I saw the most random sight today, my happy little turtles were hanging out with a heron. Pretty cute! I'm lucky to have such an amazing wildlife refuge right here in the city. It keeps me connected to the freshness of nature.

I took today off of my IV treatments. It's just so much money, and it exhausts me. So, instead, I started doing laundry, and fiddled around the house. I even went for a jog along green lake, stopping at a bench to rest and enjoy the outdoors. That's a first. Usually, I run from doorstep to doorstep. I always enjoy the view, but I never take the time to just sit. Just breathe. Just live.

I've been wondering lately, if maybe I'm in denial. Although I do a crazy amount of research, take a lot of pills, and focus so much on treating myself, I have to admit that in my heart of hearts I don't feel sick.
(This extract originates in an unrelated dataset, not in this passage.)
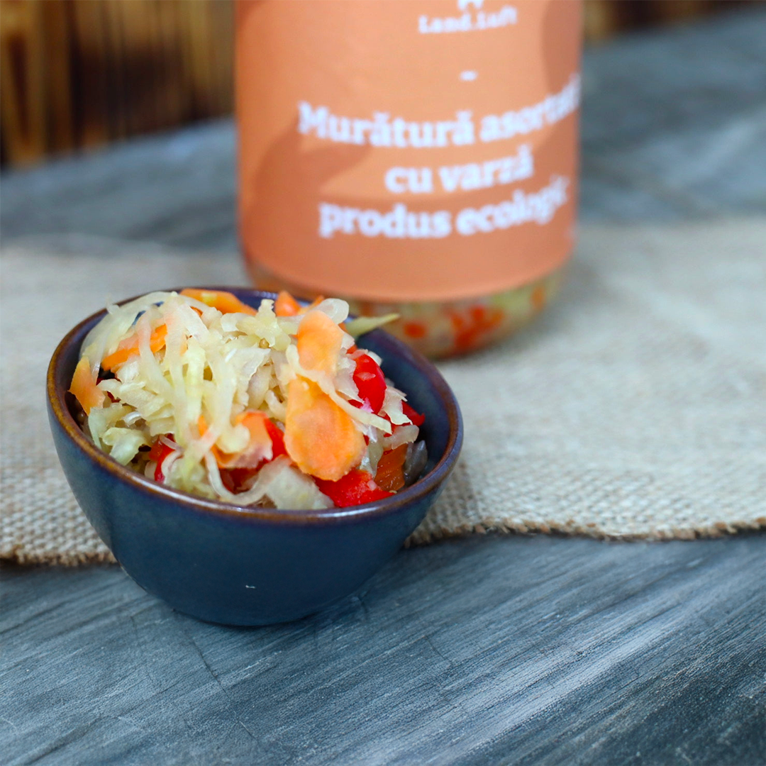 Preparată în ferma noastră din Carei, din legume cultivate ecologic, fără pesticide sau îngrășăminte chimice, această murătură aduce un gust autentic și sănătos pe masa ta.
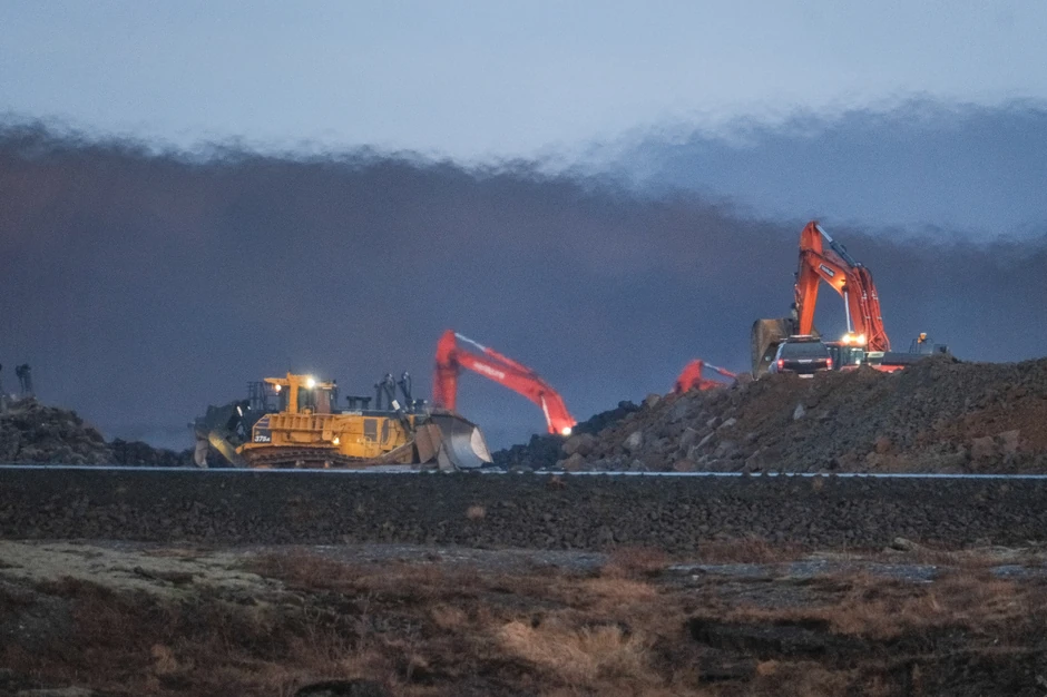 Nakon što je — prethodno usporena — erupcija vulkana iznenadila građane Grindavika, a lava došla do prvih evakuisanih kuća naseljenog ribarskog naselja, snimljen je i dramatičan trenutak kada užarena masa stiže do građevinskih radnika i njihovih vozila, u trenutku kada su pokušali da izgrade odbrambeni zid kako bi zaštitili dalje probijanje.

I feel alive, and believe that my exhaustion is due to my treatments, not from my innate body.

Sometimes I wonder if I'm already cured. Is that weird? Is there a way that I'm supposed to handle a situation like this? How do you handle a silent monster growing in your brain?

Jun 12, 2012

You're In My Heart

I have a sweet, sweet friend named Libbey who is going to kill me for calling her out on the blog, but I absolutely have to share because she's so kind. Libs was shopping in Friday Harbor at Daisy Bloom and happened upon this sweatshirt. She loved it so much, she bought one. But while she looked at it, and felt how soft it is, she thought to herself, "I think Jess would like this. I'm going to get her one. This way, whenever she's tired, or sad, she will be enveloped in softness, and when she sees the heart she'll be reminded of all the people that love her." Wow. So, here I am, absolutely drained, completely exhausted, worn down from the usual, and the effects of the afternoon IV, and I'm snuggled up in love. My body is warm, my heart is bursting, and I am ready to cuddle the snot out of my Mr Bingie cat. I don't know how I got so lucky to have such amazing friends. Seriously.